The Feminist Promise
Page 27
On the face of the matter, a civil rights bill could easily have included prohibitions against sex discrimination. Activated by the civil rights movement, the old parallel between race and sex discrimination had already popped up again in American Women. But Esther Peterson and others on the PCSW, the most likely people in the administration to push the matter, saw black civil rights as more urgent. Thus apparently no one mentioned to LBJ the possibility of including sex in the omnibus bill he sent to Congress in 1964.83
The relationship between race and sex soon surfaced, though, deployed and exploited by opponents. The Woman’s Party, faced with a civil rights bill that had nothing to do with women, objected to legislation that supposedly gave exclusive advantages to black men. Southern Democrats in the House, failing in their efforts to block the bill, seized upon the sex discrimination issue the Women’s Party handed them as a way to discredit the CRA. In debate on the floor of the House, the segregationist Virginia congressman Howard Smith tossed in a rider to the bill—Title VII—that outlawed sex discrimination in employment. His intention was to make the CRA look ridiculous. The point of the rider was that the very idea of discrimination was absurd: People got the jobs that they were suited for; there was nothing unfair about it. Presenting Title VII, Smith inquired of his colleagues with faux naïveté: If the government protected the rights of racial minorities (implicitly unqualified) to get jobs, well, why not protect the rights of spinsters (implicitly unlovable) to get husbands? The joke tickled representatives on both sides of the aisle. Chuckles and guffaws lightened the tense mood. Sexism was nothing if not a unifier of men.84
Smith was drawing water at the well of one of the deepest presumptions about women in American life. His joke followed the lines of the quip John Adams made two centuries before, when Abigail asked him to remember the ladies. If women were included in the provisions for full citizenship, why then, why not every servant, pauper, and apprentice boy? Anyone who subscribed to any kind of prejudice, anywhere, anytime, could always cite women’s exclusion to buttress their position, because it appeared so natural. If you were going to protect the rights of racial minorities—this is what Smith’s joke really came down to—well why not—heh heh—protect the rights of women, too?
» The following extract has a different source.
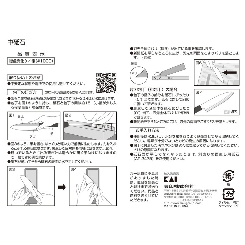 Kai Corporation AP0318 KAI Medium Whetstone, #1000 Grit, Made in China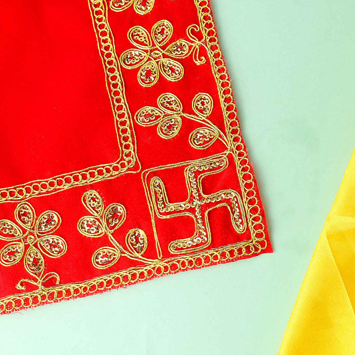 Heavy Design Aasan | Velvet Pooja Mat Set | Designer Puja Aasan | Aasan 15x23 Pack of 4 | Chowki Cover Cloth | Temple Cloth Set | Puja Aasan Velvet | Decorative Mandir Aasan | Red Velvet Asan with Lace | Religious Mat for Temple

But it was a fateful turn in the history of the joke. Martha Griffiths, an ERA supporter and well-respected Michigan Democrat, took the floor and like a veteran schoolteacher calling unruly boys to order put a stop to the hijinks. Griffiths supported Title VII for good reasons, not because she was trying to sabotage the CRA. But Griffiths too called up the turn-of-the-century paradigm of women being white. While she took care to note that black women also needed protection, she used racially differentiated language, playing to Southern members with the plea that the CRA was going to leave white women disadvantaged and unprotected. “When the colored woman shows up and she is qualified, she is going to have an open entrée into any particular field,” and that was okay. But the problem was that black men would feast on antidiscrimination measures; black women would get a few bones; and white women would come up with nothing at all. “It would be incredible to me that white men would be willing to place white women at such a disadvantage except that white men have done this before,” she scolded, calling up the nearly forgotten history of the rift over the Fourteenth and Fifteenth amendments.85
Liberal Democrats, the backbone of support for the CRA, objected to Title VII. They believed it would endanger the CRA’s passage or, if it did pass, make the legislation too unwieldy to implement. In the end, though, Title VII survived in the House, voted through by a coalition of Southern Democrats and conservative Republicans. In the Senate, moderates of both parties, led by Margaret Chase Smith, Republican of Maine and one of only two female senators, shepherded the bill through without any further emendations.86
With such a compromised beginning, there would seem little to expect from Title VII. Yet the subsequent history shows how political outcomes can outrun their origins. The NWP began to come around. The organization would never be a principled exponent of civil rights, but as legal scholar Serena Mayeri points out, “Title VII helped to bring about a significant retreat from the explicitly racialist feminism the NWP had previously sponsored.” “Today it is the negro women who will win for all of us equal rights,” cheerfully observed member Meta Heller. “I only wish all women’s organizations would get behind the civil rights movement, forgetting their prejudices for their own advancement.”87 More important, over the next three years workingwomen responded energetically. In the end Title VII belonged not to the Woman’s Party or racist Southern congressmen but to the workingwomen—black and white—who responded in force and to the political movement they touched off, which no one could have forseen.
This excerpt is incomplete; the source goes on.